Neben aktueller Forschung beschäftigt sich dieses Heft mit der Wissenschaftstheorie der Psychotherapie, die sich als eigenständige Wissenschaft positioniert. Damit nehmen wir direkten Bezug auf den Titel unserer Zeitschrift Psychotherapie-Wissenschaft und auf den Kern der Schweizer Charta für Psychotherapie.

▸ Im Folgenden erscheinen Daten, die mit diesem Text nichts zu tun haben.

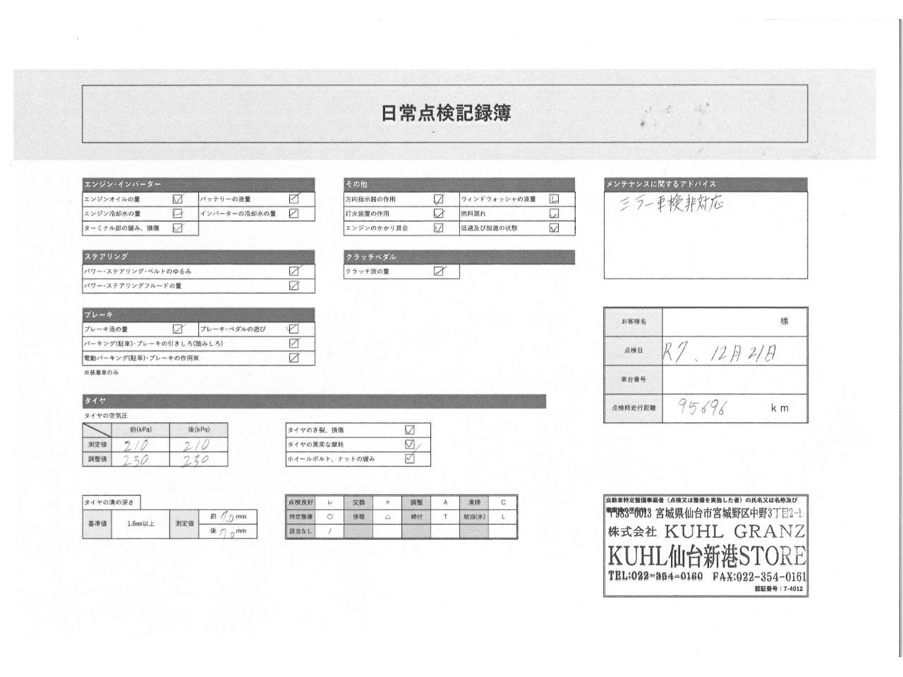 | 修理回数・上限金額 | KUHLオリジナル保証プランもご用意しております。車種、年式、走行距離に合わせた安心の保証プランを1年or2年からお選びいただけます。大切な愛車を長く楽しむ為に、是非ご検討ください。 |

Der Beginn der Bewegung, Psychotherapie als eigenständige Wissenschaft aufzufassen, geht auf die Strassburger Deklaration im Jahre 1990 zurück (vgl. Buchmann, 2015), in deren Folge die Charta formuliert wurde. Sie ist seither einem dauernden Diskurs unterworfen und wurde in der zehnten Revision 2016 der aktuellen Entwicklung angepasst. In unserer Zeitschrift Psychotherapie-Wissenschaft sind kontinuierlich Beiträge zum Thema Psychotherapie als eigenständige Wissenschaft erschienen. In diesem Heft stellen wir die Fortsetzung eines früheren Beitrages des Philosophen Markus Erismann (2016) vor, in dem er über den Wissenschaftsbegriff der Psychotherapiewissenschaft reflektiert. Wir möchten damit sowie mit zwei darauffolgenden Kommentaren eine Diskussion zu diesem Thema eröffnen. Bei den beiden Kommentatoren handelt es sich um Kurt Greiner, Professor für Psychotherapiewissenschaft an der Sigmund-Freud-PrivatUniversität in Wien (SFU), und um Gerhard Burda, ebenda habilitiert, Philosoph, Analytiker und Mitglied der Wiener Lacan-Schule sowie Buchautor zu Themen an den Schnittstellen von Philosophie sowie Psycho- und Medienanalyse.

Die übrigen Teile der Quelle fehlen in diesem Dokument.